When a certain capacitor unit in the capacitor has a fault, which causes a weak insulation and thus partial discharge, the voltage of the fault capacitor unit is lower than the voltage of the capacitor unit in a normal operation state, and when the fault occurs, because the voltages of other normal capacitor units connected in parallel with the fault capacitor unit are not suddenly changed, a voltage difference Δ U is generated between the normal capacitor unit and the fault capacitor unit, and at this time, a current flows from the normal capacitor unit to the fault capacitor unit, as shown in fig. 4. For the whole capacitor, since the discharge pulse forms a closed loop in the row where the faulty capacitive cell is located, the influence of the discharge pulse on the normal capacitive cell is negligible, and the discharge current detected thereon is very weak. And the discharging current detected on the fault capacitor unit is subjected to step change compared with the normal capacitor unit, and the step change of the discharging current shows that the amplitude of a high-frequency component in the current is larger during the fault, so that the row where the fault capacitor unit in the capacitor is located can be judged according to the change of the amplitude of a medium-high frequency component in the second current signal.

S302: and analyzing the phase change of all the capacitor units in the row where the fault capacitor unit is located to judge the column where the fault capacitor unit is located.

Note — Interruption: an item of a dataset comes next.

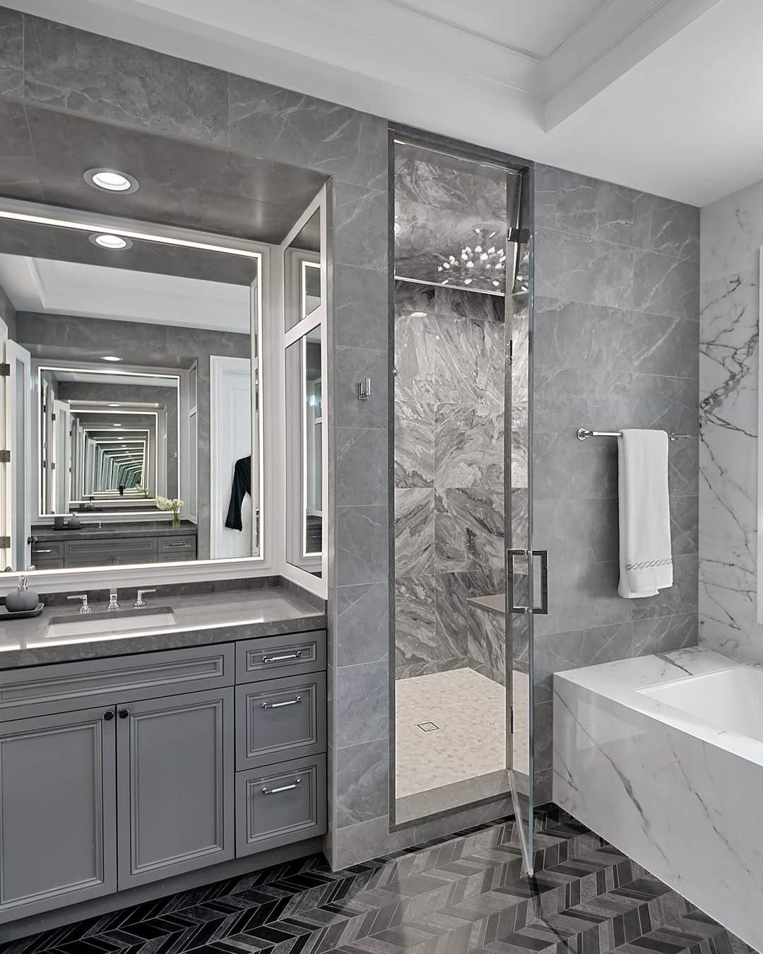This one plays with perspective in the coolest way. That endless mirror reflection instantly makes the space feel double (or triple) the size, while the layered greys keep everything grounded and sophisticated.

After making a determination of the row in which the faulty capacitor is located, the column in which the faulty capacitor cell is located needs to be further analyzed. For the row where the fault capacitor unit is located, when partial discharge occurs, the partial discharge can be equivalent to charging the fault capacitor unit from the normal capacitor unit, so that the phases of the discharge current signal of the normal capacitor unit and the discharge current signal of the fault capacitor unit are opposite, and therefore, the column where the fault capacitor unit is located can be judged by detecting the phase of the discharge current signal of the capacitor unit.

Through the analysis of the amplitude and the phase of the discharge current, the fault capacitor unit in the capacitor can be accurately positioned.

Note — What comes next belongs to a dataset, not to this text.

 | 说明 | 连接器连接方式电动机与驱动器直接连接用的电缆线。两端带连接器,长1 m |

The method of the present disclosure is further described below with reference to fig. 5 to 11.

And (3) establishing a capacitor matrix by using PSCAD simulation software, wherein the capacitor units which are electrically connected in parallel are established into a capacitor group, the group in which the capacitor unit with the fault is positioned is defined as a fault group, and other groups are defined as normal groups.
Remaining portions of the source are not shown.